The researcher said there's "definitely room for improvement," but also believes it can help guide treatment plans and better predict patient outcomes.

The AI model can't yet be used in a clinical setting — it needs to be tested in clinical trials and be approved by the Food and Drug Administration before it's used in guiding treatment decisions.

For some cancer types, researchers said the AI-predicted gene activity had a more than 80% correlation with the real gene activity data.

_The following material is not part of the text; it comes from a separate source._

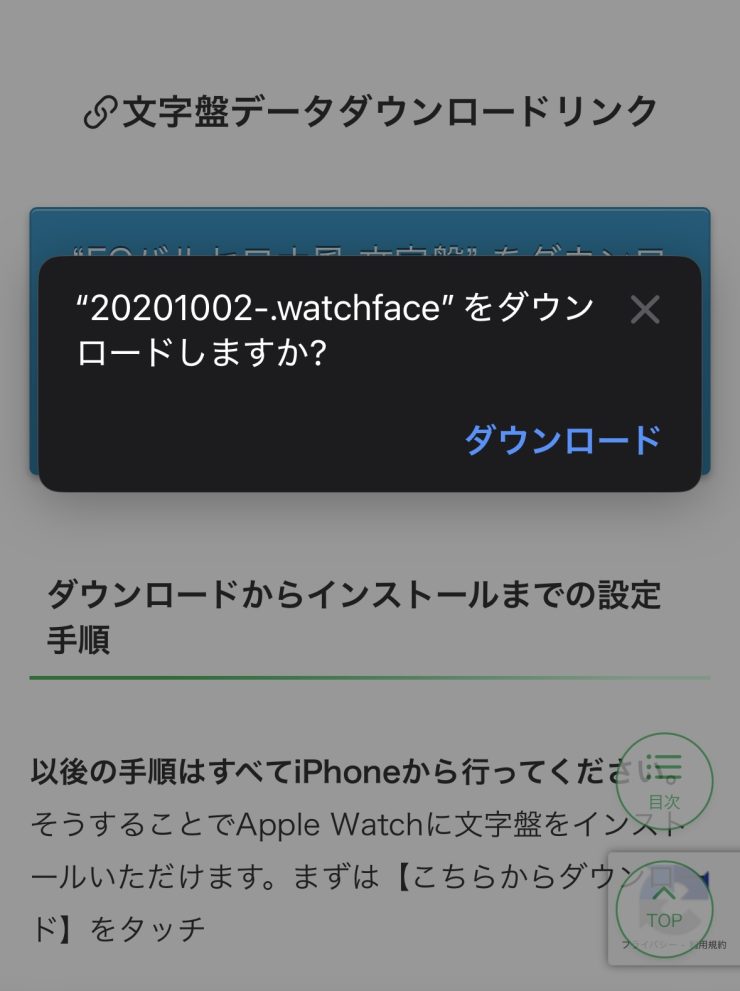すると、【(文字盤データ)をダウンロードしようとしていますか?】という確認がでるので、OKだったらダウンロードをタッチ
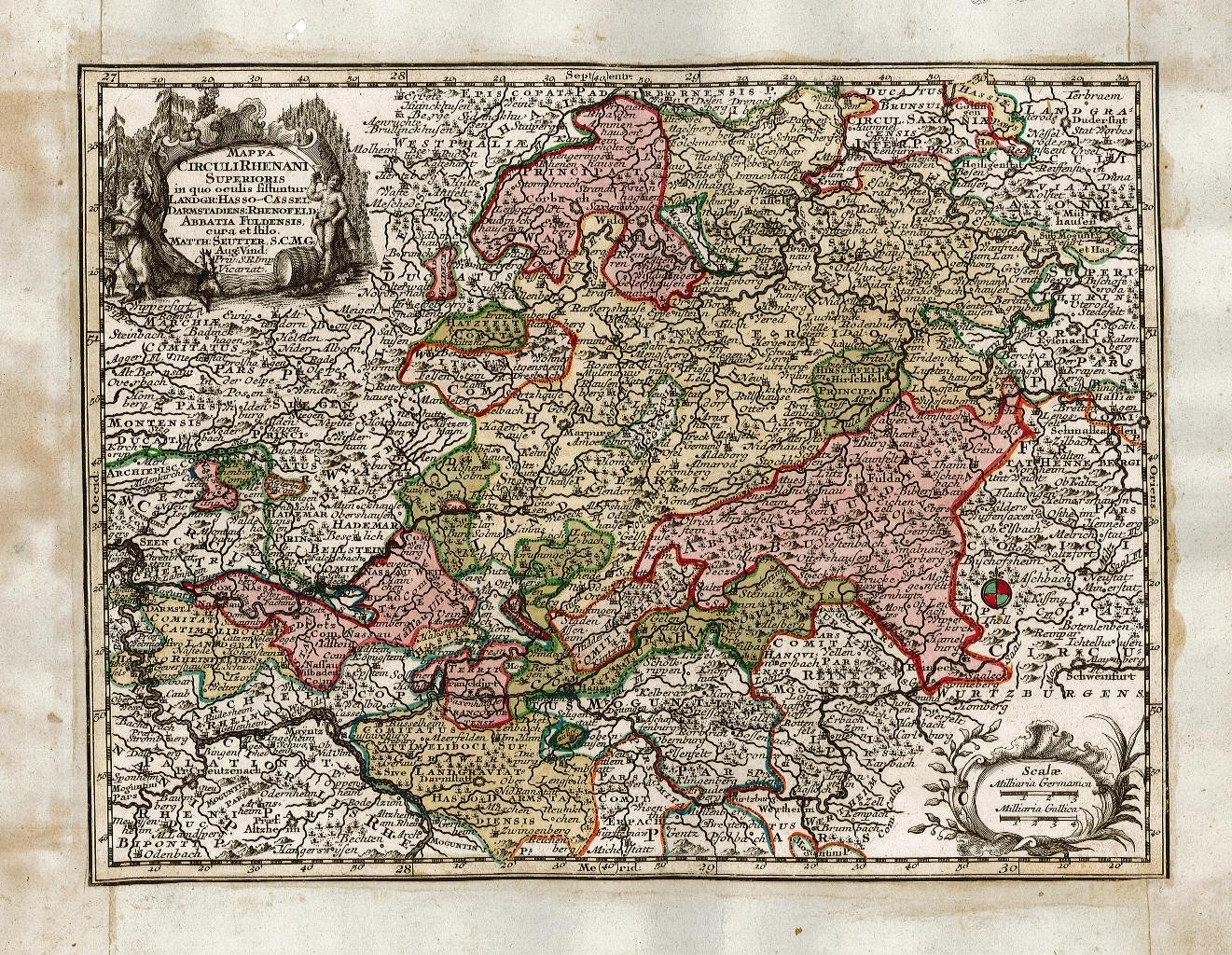 Incisione, antica ed originale, raffigurante la carta geografica della Germania. Inserita nell'opera "Atlas Minor praecipua Orbis Terrarum Imperia Regna et Provincias Germaniae Potissimum" pubblicata ad Augusta. La stampa, in coloritura coeva, è appilcata su margini anticamente riportati

"The performance of the model is tissue specific. So in certain cancers, it works very well, and in other cancers, there's definitely room for improvement," said Gevaert. 

It's a tool that's being further refined, but even so, it was able to predict, in its infancy, the expression patterns of more than 15,000 different genes. 

Gevaert said, "It allows to make predictions of 1000s of genes depending on the tissue for cancer patients from normally expensive molecular testing."

By identifying and mapping genes with the click of a button, Gecaert believes this tool could potentially speed up treatment decisions, and ultimately make those treatments more efficient.

Gevaert said his team is improving the algorithm and studying its potential applications.

He believes SEQUOIA could reduce the need for expensive gene expression tests.

The study was published in science journal Nature.